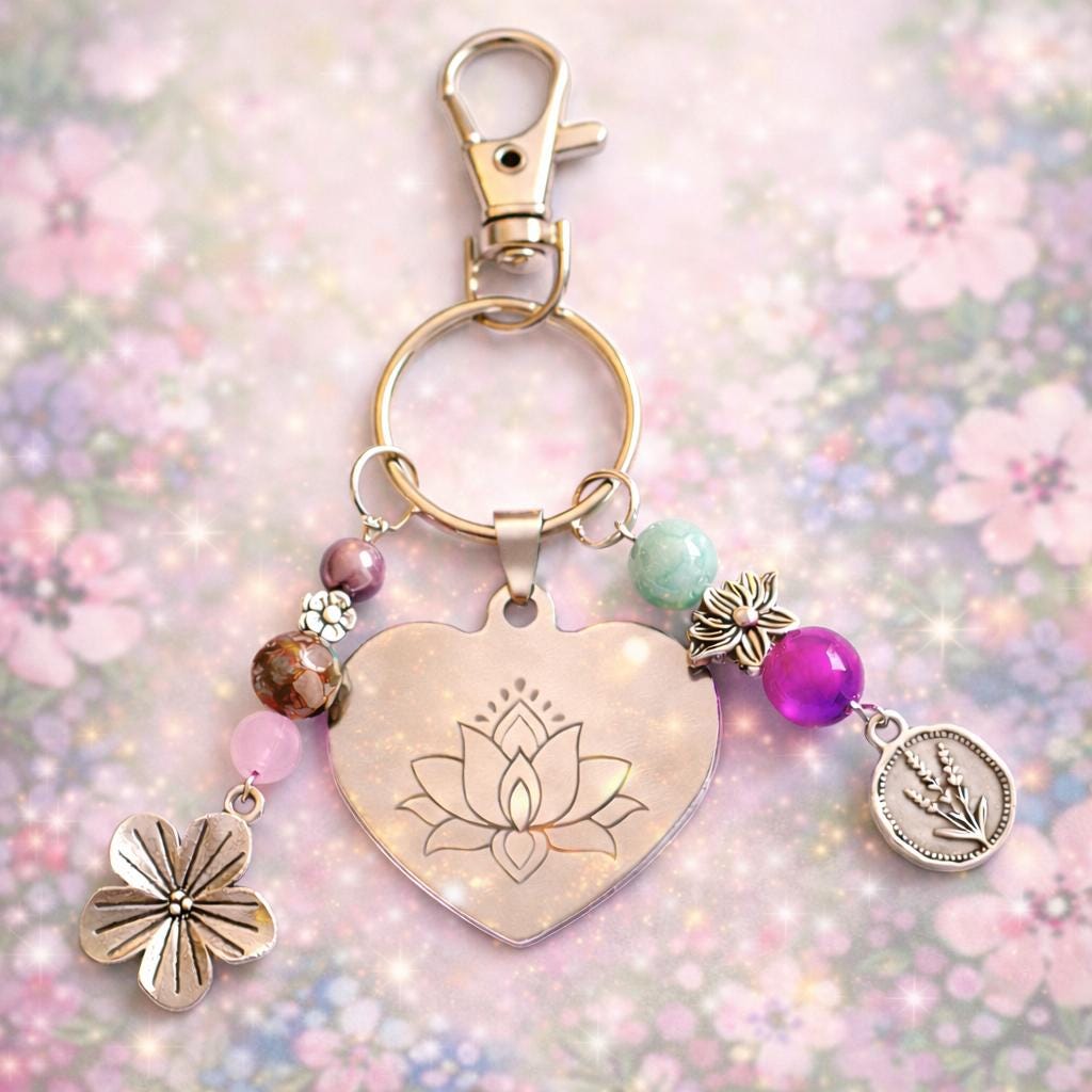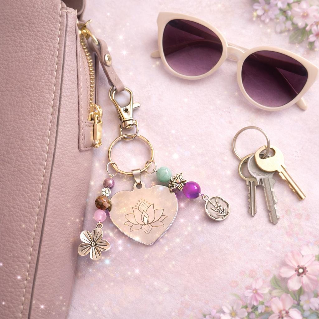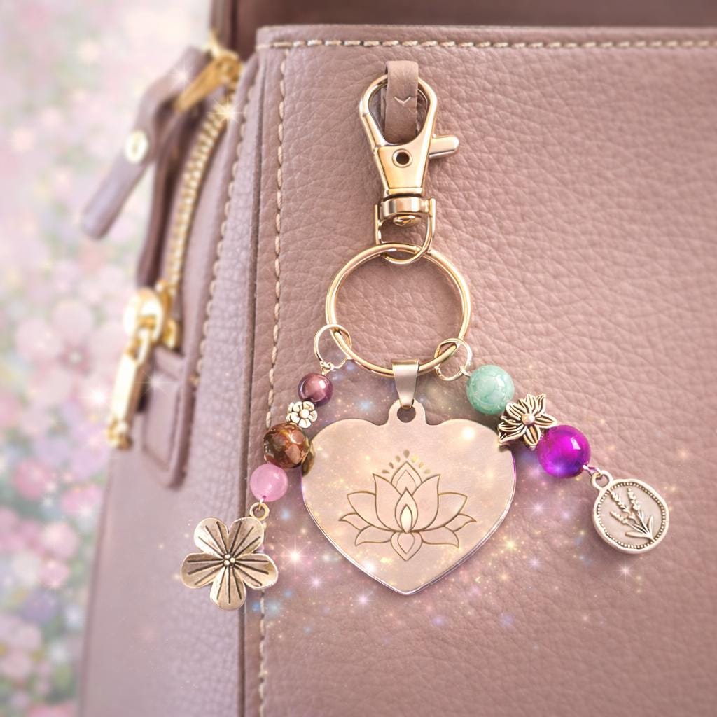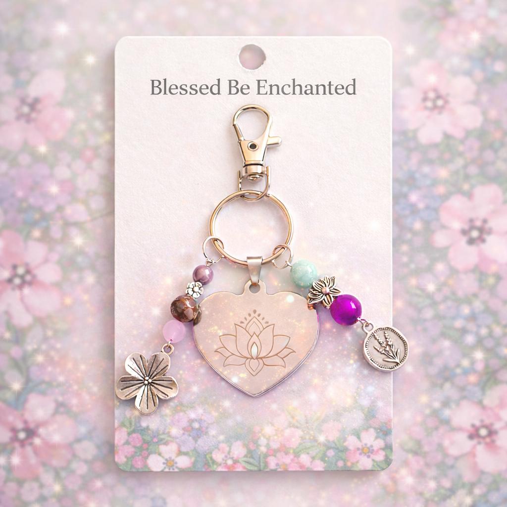 Adorned with mystical gemstones, florals, and soft metallic accents, this piece is both meaningful and elegant — perfect for your purse, keys, tote, or spiritual altar bag.
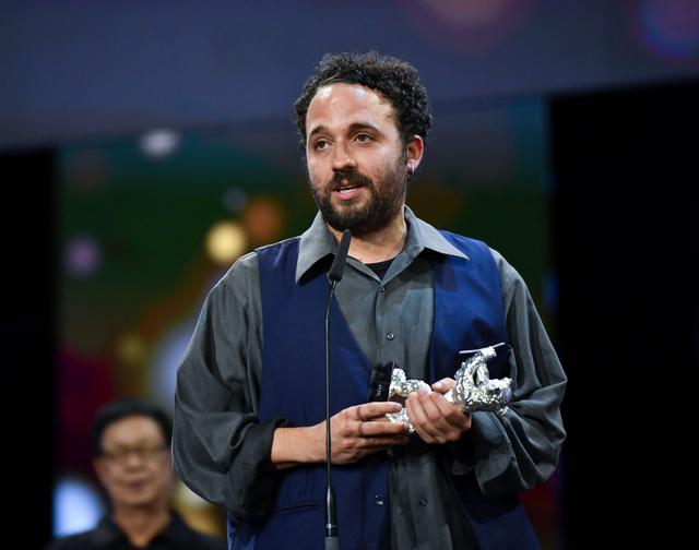 2月24日,在德国柏林,导演纳尔逊·阿里亚斯在第74届柏林电影节颁奖仪式上发言。纳尔逊·阿里亚斯凭借影片《佩佩》获最佳导演银熊奖。新华社记者 任鹏飞 摄
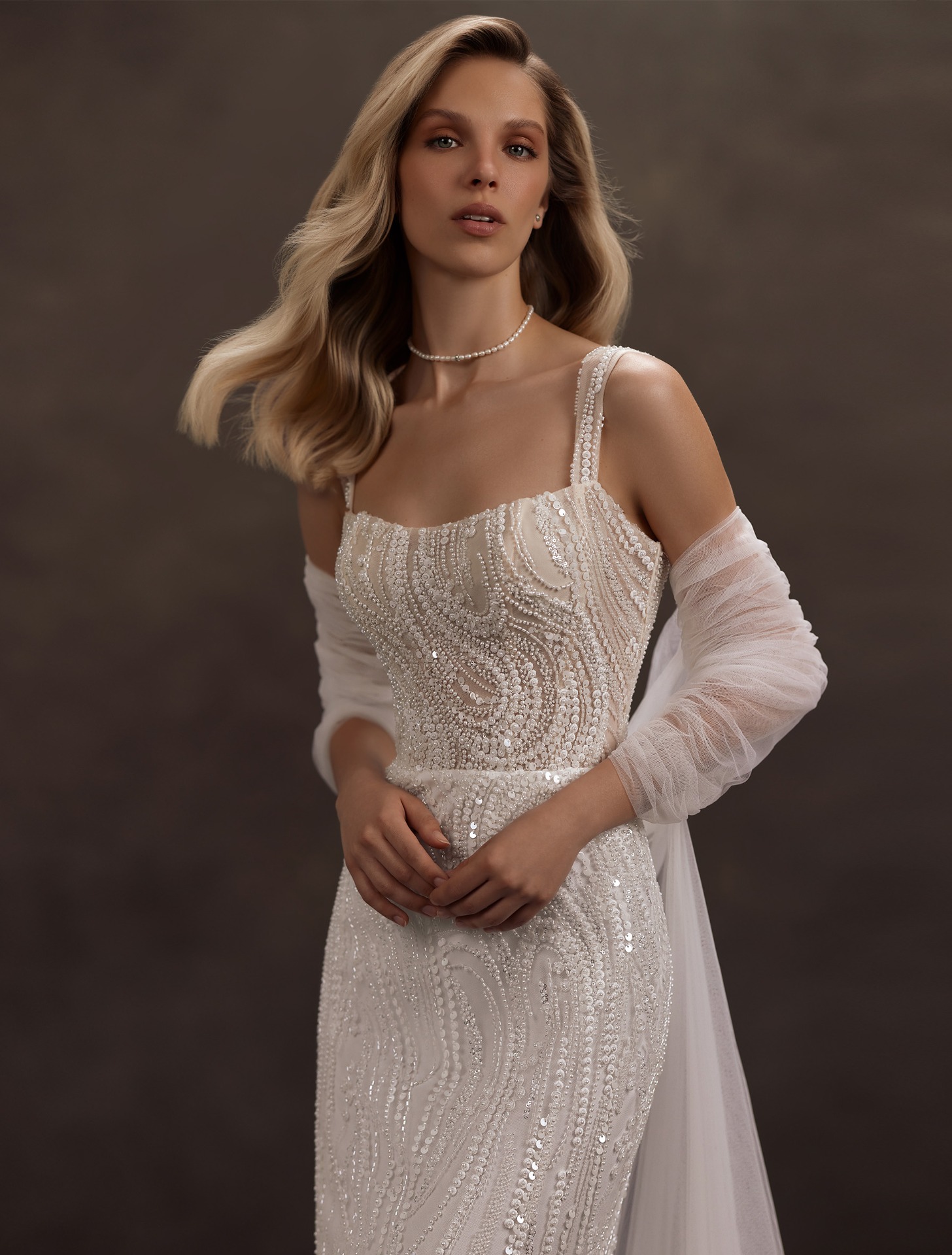 A tüllből készült, levehető uszály és a finom vállpántok tökéletes harmóniát teremtenek a modern menyasszony számára, aki szeretné a klasszikus eleganciát kortárs ragyogással ötvözni. A Denia nem csupán ruha – ez a fény öltözéke.
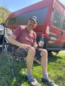 Am Bus angekommen gönnten wir uns vor dem Bus verweilend ein Eis und frische Erdbeeren, als uns eine Frau ansprach:“Waren Sie nicht letzten Winter auch hier? Ich erkenne das Auto und den Hund!“ Wie lustig! Ja, wir erinnerten uns auch an die Familie, mit der wir über Floki im Herbst ins Gespräch gekommen sind. Was ein Zufall!
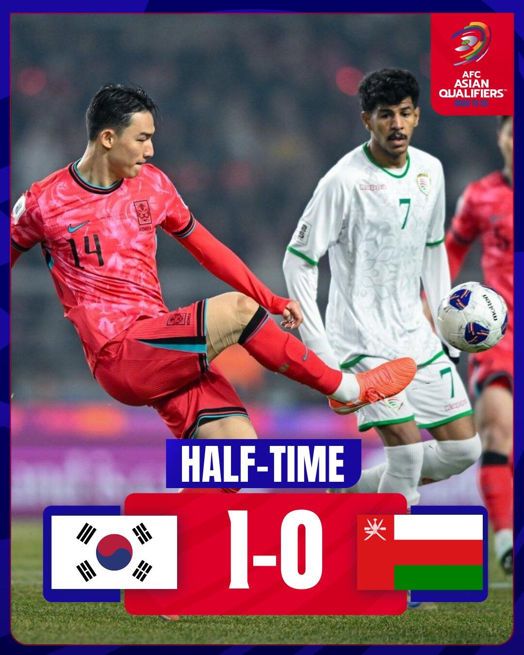 半場(chǎng)戰(zhàn)罷,韓國隊(duì)暫1-0阿曼隊(duì)。
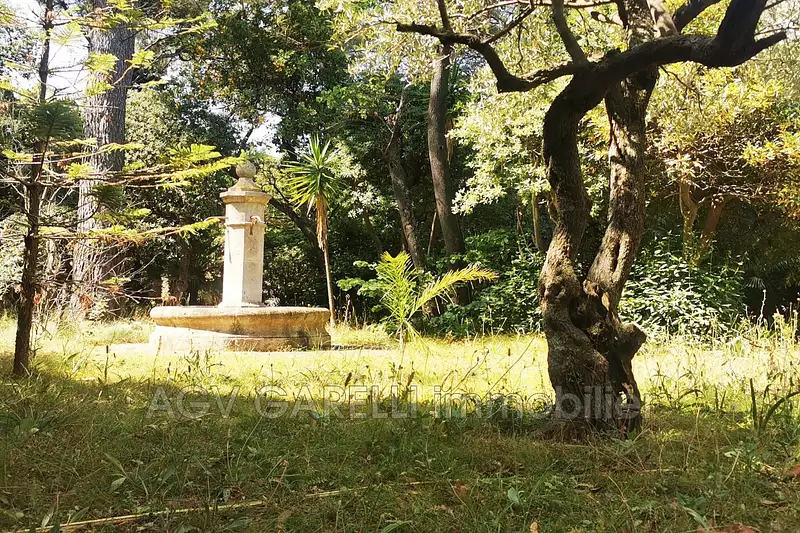 Le bas de cette maison comprend une terrasse exposé ouest de 15,37 m², s'ouvrant sur un magnifique jardin clôturé situé dans un espace boisé classé de 183 m². Cet espace boisé classé offre une très belle fontaine, plusieurs arbres comme des oliviers, cyprès, caroubiers, magnolias et les massifs méditerranéens...
○ ○ ○ ○ ○
YOUR INSTRUCTIONS:
From the first line to the last, return the material above exactly, apart from the pictures.

PROBLEM SOLUTION:
 Adorned with mystical gemstones, florals, and soft metallic accents, this piece is both meaningful and elegant — perfect for your purse, keys, tote, or spiritual altar bag.
 2月24日,在德国柏林,导演纳尔逊·阿里亚斯在第74届柏林电影节颁奖仪式上发言。纳尔逊·阿里亚斯凭借影片《佩佩》获最佳导演银熊奖。新华社记者 任鹏飞 摄
 A tüllből készült, levehető uszály és a finom vállpántok tökéletes harmóniát teremtenek a modern menyasszony számára, aki szeretné a klasszikus eleganciát kortárs ragyogással ötvözni. A Denia nem csupán ruha – ez a fény öltözéke.
 Am Bus angekommen gönnten wir uns vor dem Bus verweilend ein Eis und frische Erdbeeren, als uns eine Frau ansprach:“Waren Sie nicht letzten Winter auch hier? Ich erkenne das Auto und den Hund!“ Wie lustig! Ja, wir erinnerten uns auch an die Familie, mit der wir über Floki im Herbst ins Gespräch gekommen sind. Was ein Zufall!
 半場(chǎng)戰(zhàn)罷,韓國隊(duì)暫1-0阿曼隊(duì)。
 Le bas de cette maison comprend une terrasse exposé ouest de 15,37 m², s'ouvrant sur un magnifique jardin clôturé situé dans un espace boisé classé de 183 m². Cet espace boisé classé offre une très belle fontaine, plusieurs arbres comme des oliviers, cyprès, caroubiers, magnolias et les massifs méditerranéens...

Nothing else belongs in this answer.